Chronic land-based exercise training has little if any effect on maximal heart rate (MHR). In aquatic exercise the physiological changes due to hydrostatic pressure and temperature of water warrants comparisons between maximal heart rate responses in water versus land-based exercise. In aerobically trained athletes, no differences in HRmax were observed during maximal DWR (193.9 ± 8.8 bpm) and treadmill (192.1 ± 10.2 bpm) tests before or after 6 weeks of DWR training (Wilber et al., 1996) . Quinn et al. (1994) also found maximal heart rates to be similar for DWR (192 ± 6 bpm) and treadmill (190 ± 6 bpm) exercise in sedentary females after a 4 week exercise regimen. These results for inactive subjects were not supported by Michaud et al. (1995) who found DWR elicited maximal heart rates that were approximately 15 beats lower compared with treadmill prior to and following DWR training (DWR pre = 172 ± 16.7; post = 175 ± 13.9 bpm; treadmill pre = 187 ± 11.9; post = 189 ± 11.2 bpm). These differences in HRmax during DWR result from several factors including altered muscle recruitment patterns, more upper body involvement, hydrostatic pressure, and water temperature.

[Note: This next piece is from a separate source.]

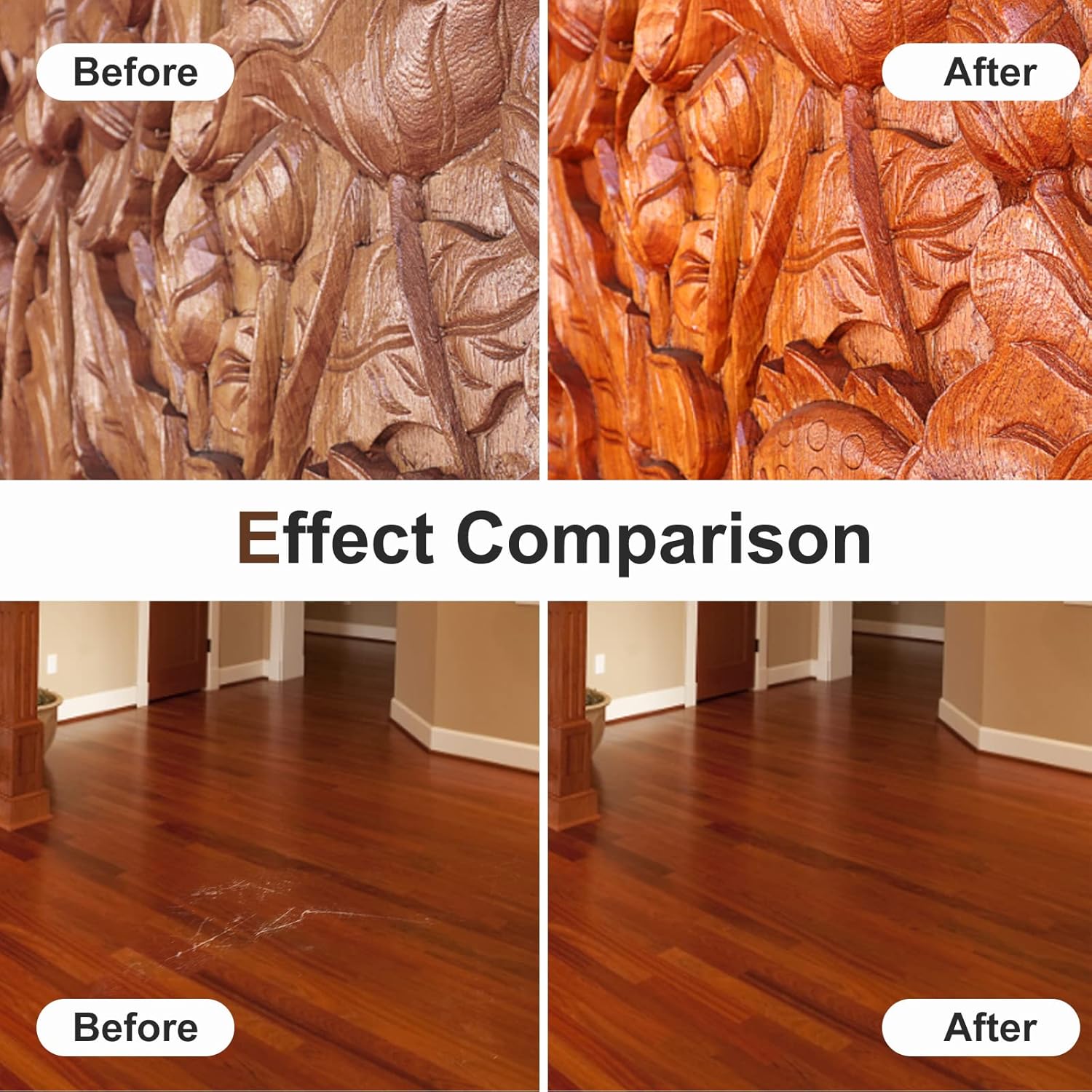 - Wide Range of Uses: This wood touch up kit not only covers blemishes, scuffs, and nicks on scratched wood, desks, wood veneers, floors, trim, cabinets, tables, bedposts, doors, laminate, and framing but also polishes wood furniture, gives your furniture a new look. Super easy to use, dries in seconds, no more visible scratches, or dents, and should be in everyone's home DIY toolbox

Hamer and Morton (1990) noticed differences in HRmax only in pre-training measures while running in shallow water compared to the treadmill. Inactive females achieved MHR values significantly lower while running in shallow water as opposed to the treadmill (WR = 194 ± 9, TM 198 ± 6 bpm). This indicates familiarity of DWR may also play a role in an individual’s ability to perform a successful maximal test. Gaspard et al. (1995) observed no change in MHR on pre or post training treadmill tests after 7 weeks of aquatic stepping.

Heart Rate Summary
The heart rate response to water exercise is based primarily on the depth of the water, water temperature and intensity of the workout. The effects of water exercise on resting heart rate have been reported by two investigators finding that heart rate at rest does decrease as a result of chronic water aerobics exercise. Hoeger et al. (1992) and Simpson and Lemon (1995) found reductions in resting heart rate of 7 bpm and 11 bpm, respectively. These values are similar to those reported after land-based training.

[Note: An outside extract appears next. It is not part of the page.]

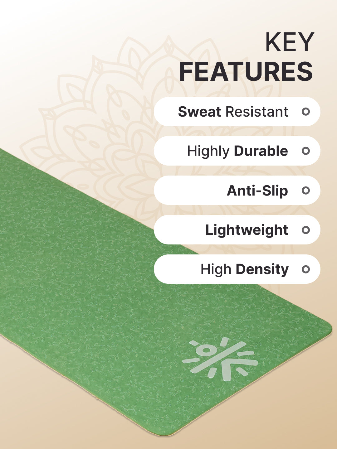 PORTABLE AND LIGHTWEIGHT: Designed for easy transport, this lightweight yoga mat comes with a convenient carry strap, making it simple to roll up and take anywhere. ANTI-SLIP SURFACE: The anti-slip surface provides a secure grip, ensuring stability and safety during every pose. Perfect for all yoga styles, pilates, and stretching routines. HIGH-DENSITY TPE MATERIAL: Crafted from premium, non-toxic, and eco-friendly TPE material, this yoga mat offers exceptional grip and long-lasting durability. OPTIMAL 6MM THICKNESS: The 6mm thickness provides the perfect balance of cushioning and stability, offering support and a firm surface for balance. Ideal for both intense and restorative practices, it ensures comfort and security throughout your entire session.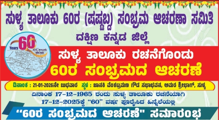 ಸುಳ್ಯ:ಸುಳ್ಯ ತಾಲೂಕು ರಚನೆಯಾಗಿ 60 ವರ್ಷ ತುಂಬಿದ ಹಿನ್ನಲೆಯಲ್ಲಿ ಸುಳ್ಯ 60 ಸಂಭ್ರಮಾಚರಣೆ ಇಂದು (ಜ.21) ಸುಳ್ಯದ ಜಾನಕಿ ವೆಂಕಟ್ರಮಣ ಗೌಡ ಸಭಾಭವನದಲ್ಲಿ ನಡೆಯಲಿದೆ.

A comparison of submaximal heart rate of DWR versus treadmill exercise finds that on average heart rates are 3-15% lower in water compared to the treadmill. For trained individuals, water immersion to the neck lowers heart rates to a greater extent at submaixmal intensities than it does to untrained subjects. Hertler et al. (1992) found a 36% relative decrease in submaximal heart during DWR versus treadmill exercise while at the same intensity.

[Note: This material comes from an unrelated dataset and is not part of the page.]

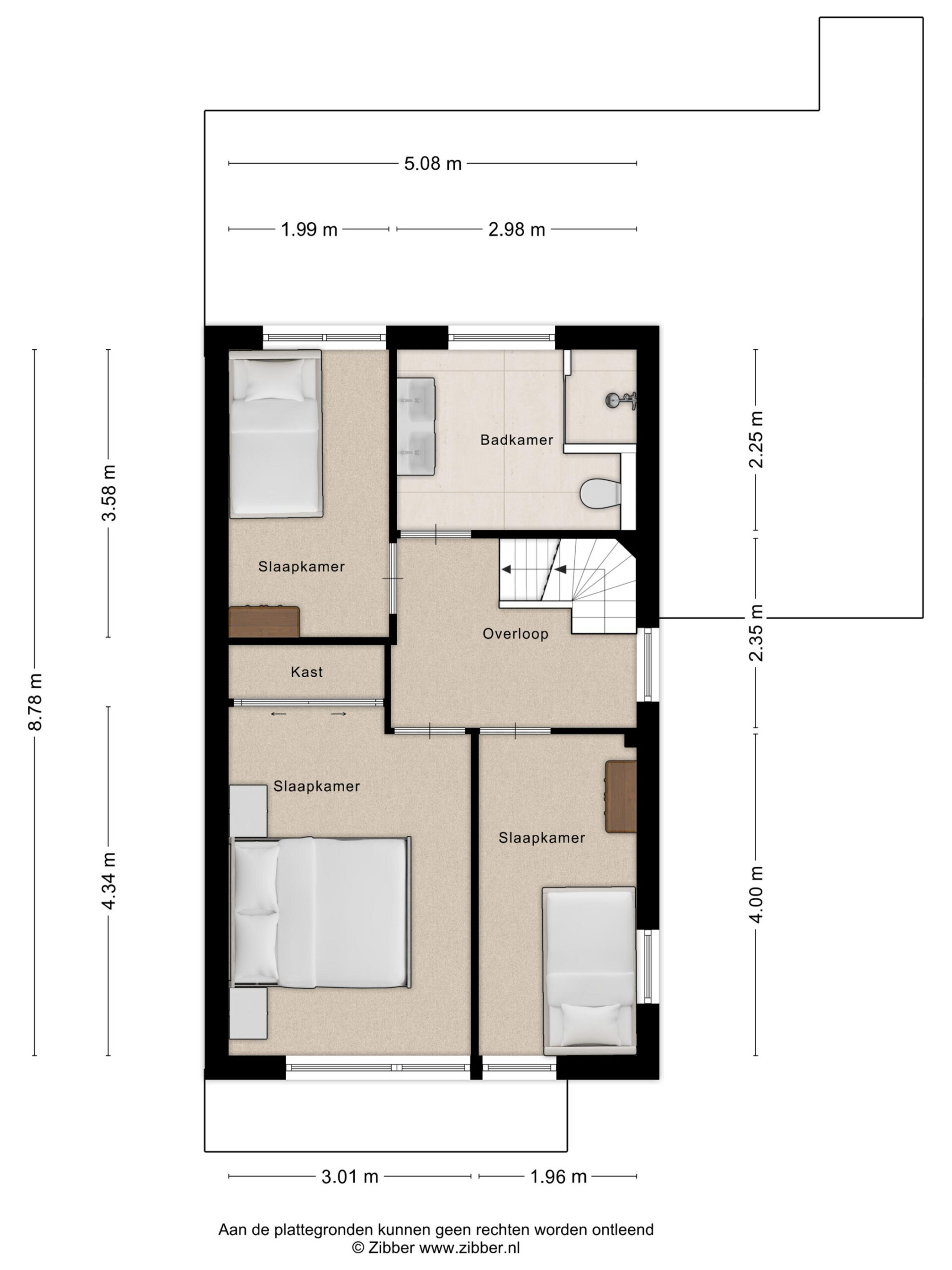 – via vaste trap te bereiken overloop

In general there have been little changes in maximal heart rate on a treadmill after aquatic exercise training. Investigators have found no difference in maximal heart rate (Bushman et al., 1997; Gaspard et al., 1995; Hamer & Morton, 1990; Quinn et al., 1994) , an increase (Wilber et al., 1996) , and a decrease in maximal heart rate (Michaud et al., 1995) after a DWR training protocol.

Body Composition
The positive effects of habitual land-based exercise training on body composition are supported in the literature with the most important benefit being the reduction of percent body fat. Research efforts to substantiate similar body fat changes following shallow and deep water training has provided varying results. One major reason for the discrepancy is that the majority of aquatic training studies are of short duration, ranging in length from 4-11 weeks. Investigators agree that a minimum of 8 weeks are necessary for training effects to occur in most physiological variables. This may be particularly true for adaptations in body composition since dietary intake also plays a major role. No dietary restrictions or considerations were given to subjects involved in any of the training studies reviewed. Additionally, several studies conducted on DWR have utilized endurance trained athletes. Significant changes in body fat are not expected for these highly trained subjects who commonly have very lean physiques. One such study performed by Wilber et al. (1996) measured body fat by hydrostatic weighing prior to and following 6 weeks of DWR training with 16 endurance runners (VO2max = 58.6 ± 3.6 ml/kg/min). DWR training closely replicated on-land training with exercise sessions being conducted 5 days per week. A 3.6% increase in percent body fat was observed after the training regimen in these fit runners.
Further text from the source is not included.